PARAIBANOS QUE BUSCAVAM VIDA MELHOR AL
O professor universitário Nelson Vieira perdeu a mãe, o tio e o avô para o novo coronavírus. Nada pode reparar tanta dor. No intervalo de menos de trinta dias os três morreram e, por coincidência ou não, estavam juntos quando decidiram viajar à Paraíba poucos dias antes de adoecerem. “Se ficar pensando, fica deprimido. Ficam os momentos bons do que a gente viveu com eles, mas é muito difícil superar”, declara. A família saiu da Paraíba, décadas atrás, para tentar uma vida melhor em Alagoas. Severina Vieira da Silva, a mãe de Nelson, tinha 65 anos, era hipertensa e diabética. Uma paraibana forte, de fé. Adorava reunir a família, os netos - são doze. Tinha um sonho, ver um deles formado em Medicina, o Rubens, que tem 17 anos. Ela faleceu no dia 22 de abril. O tio de Nelson, Severino Pedro da Silva, tinha 60 anos, um apaixonado pelo fluminense e forró, como bom nordestino da Paraíba que era. Ele faleceu no dia 17 de maio. Já Severino Vieira da Silva tinha 96 anos, avô de Nelson. Era um homem forte. Agricultor e pai de cinco filhos, o xodó da família. Chegou a ficar quase recuperado da Covid-19, a equipe médica cogitou alta do hospital, mas a morte da filha foi um momento muito difícil de dor. Ele acabou não resistindo. Faleceu no dia 15 de maio.
A PERDA DA VÓ
A estudante universitária Layza Bispo perdeu a avó de 74 anos, no dia 30 de maio. A pernambucana Leonora Maria da Silva - desde criança morava em Alagoas - ficou internada por 30 dias e apresentava poucos sintomas do novo coronavírus. Teve somente alteração do quadro respiratório, mas como tinha problemas cardíacos, não desconfiou que se tratava de Covid. O primeiro atendimento ocorreu numa Unidade Básica de Saúde (UBS) em Jacuípe, onde morava. “Lá foi medida a saturação dela e foi percebido que estava muito mais baixo do que deveria. Então minha vó foi para Maceió, onde ficou internada após a luta por um leito no Sistema Único de Saúde (SUS).

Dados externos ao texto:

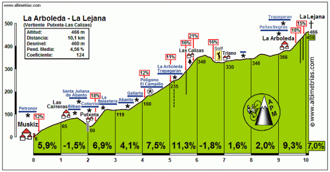 Tras un repecho posterior a Cobarón y su correspondiente bajada se volverá a circular por Muskiz, repitiendo el repecho de Las carreras solo que en esta 2 ocasión tomando un desvío hacia Putxeta, para tras un corto descenso afrontar un muro de unos 600 m al 12-13 % de media y con puntas del 18 %. Tras un km llano se reanuda la subida, primero por la carretera principal, por donde se habrá bajado anteriormente, y después tomando el desvío a Las Calizas, una vía secundaria con rampas de hasta el 21 % que forma parte de la lista de rampas máximas superadas en competición. De todos modos, aunque creemos que se va a subir por ahí no podemos asegurarlo al 100 %, ya que el rutómetro no especifica ningún cambio de ruta desde Putxeta hasta la Arboleda.

A progressão do vírus é tão rápida que ela piorou muito em menos de 24 horas”, declara a universitária. As lembranças são muitas de dona Leonora, uma senhora lúcida que cuidava das plantas, de ir à feira e à igreja. Mãe de três filhos, que sustentou costurando, e vó de oito netos. “O que mais a minha família sentiu foi não poder se despedir dela. Retirar ela foi difícil porque Jacuípe é muito longe. Dá a sensação de que poderia ser feito mais, ter abraçado. A gente não sabia que não ia mais ver ela. É horrível. Isso a gente ainda está processando para poder seguir em frente. A gente tinha apego muito grande. Ela que sempre cuidou das minhas coisas e faço faculdade muito mais por causa dela, porque tive o apoio”.